# ComicCon Epic Fantasy Panel



## myrddin173 (Jul 29, 2011)

I just found these videos of the first half-hour of this year's "Putting the 'Epic' into Epic Fantasy" panel at ComicCon.  The authors on the panel are George R.R. Martin, Brandon Sanderson, Kevin J. Anderson, Christopher Paolini, Peter Orullian, Patrick Rothfuss, and K.J. Taylor.  They share their views on what epic fantasy is and whether they start with story or character.

As a Wheel of Time fan, my favorite part was when Brandon said something and Christopher asked, "So does that mean the Wheel of Time is never going to end?" and Brandon replies, "There are neither beginnings or endings to the turning of the Wheel of Time."

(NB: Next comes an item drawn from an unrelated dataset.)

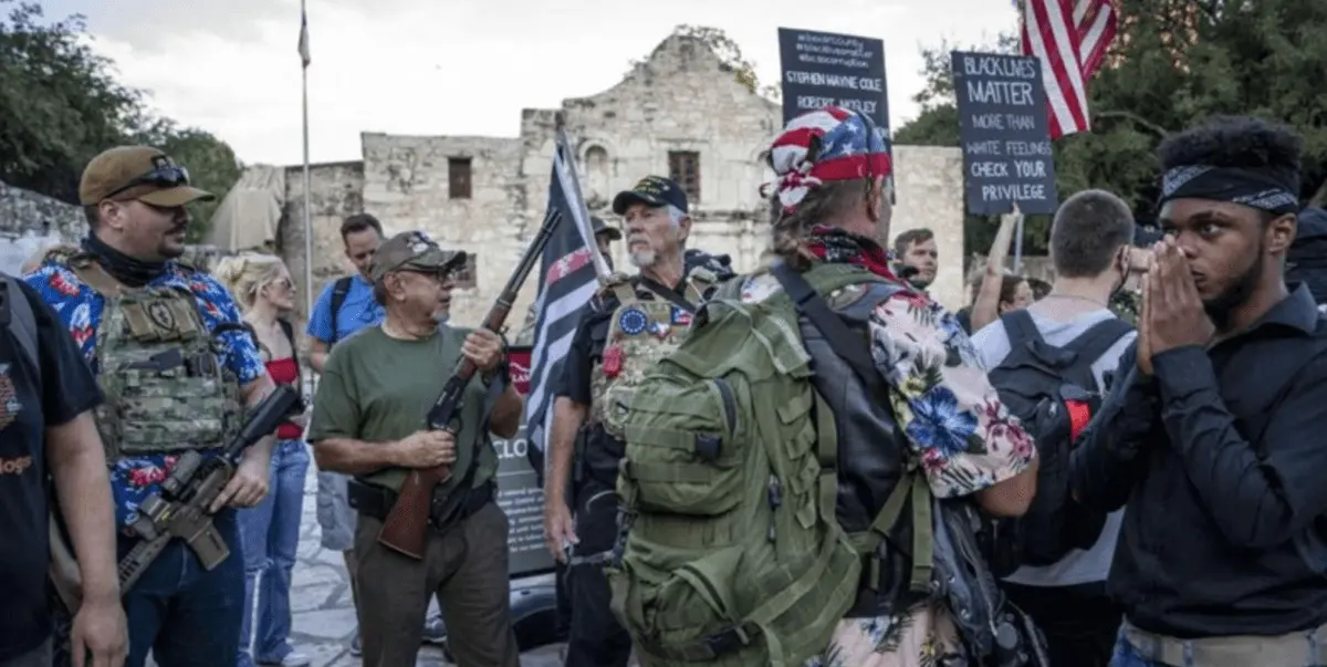 The "peaceful protesters" agreed to NOT approach that building or even go down that street. THESE LAW-ABIDING CIVILIANS knew better than to trust the "peaceful protesters" and decided to righteously guard this historic building from those "peaceful protester's" looting/vandalizing commie asses.

SDCC 2011 Video Panel: Putting the ‘Epic’ into Epic Fantasy Â« Del Rey and Spectra - Science Fiction and Fantasy Books, Graphic Novels, and More

Hopefully they find the rest of the footage!


----------



## Map the Dragon (Jul 29, 2011)

Minus Paolini, how sweet would it have been to be there for this and rub elbows with those guys?


----------



## Donny Bruso (Jul 30, 2011)

Whoever decided Paolini deserved a seat at the same table as Martin, Sanderson, Rothfuss, and Anderson needs a smack upside their head.


----------